**Data block**
--*--

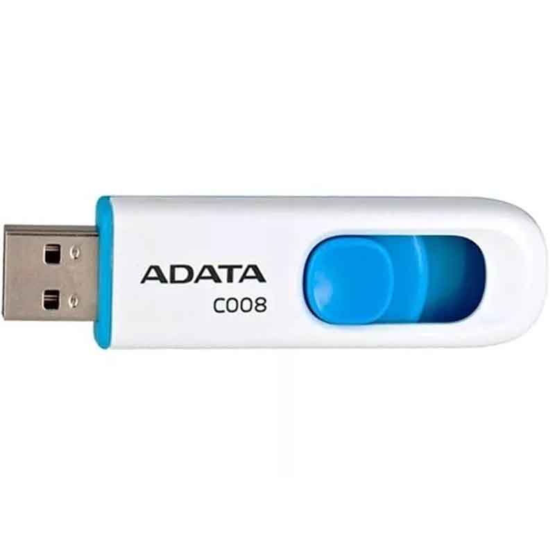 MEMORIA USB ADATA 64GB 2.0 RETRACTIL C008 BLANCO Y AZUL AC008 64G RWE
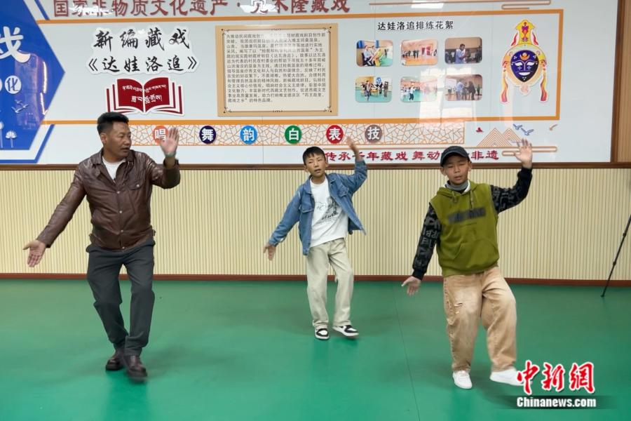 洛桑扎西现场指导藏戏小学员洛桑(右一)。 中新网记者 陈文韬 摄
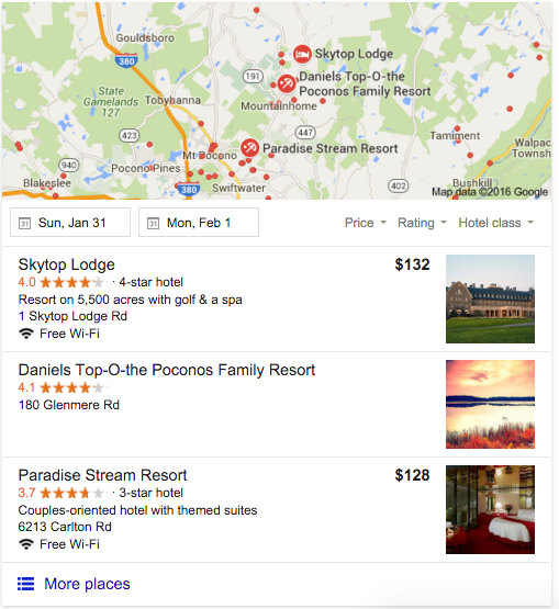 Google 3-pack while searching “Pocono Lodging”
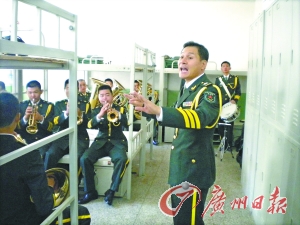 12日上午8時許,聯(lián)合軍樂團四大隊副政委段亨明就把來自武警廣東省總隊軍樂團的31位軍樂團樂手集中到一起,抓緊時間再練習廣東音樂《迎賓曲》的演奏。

--*--

**Activity**
Any images must be left out; transcribe the rest of the material exactly.

**Solution to this exercise**
 MEMORIA USB ADATA 64GB 2.0 RETRACTIL C008 BLANCO Y AZUL AC008 64G RWE
 洛桑扎西现场指导藏戏小学员洛桑(右一)。 中新网记者 陈文韬 摄
 Google 3-pack while searching “Pocono Lodging”
 12日上午8時許,聯(lián)合軍樂團四大隊副政委段亨明就把來自武警廣東省總隊軍樂團的31位軍樂團樂手集中到一起,抓緊時間再練習廣東音樂《迎賓曲》的演奏。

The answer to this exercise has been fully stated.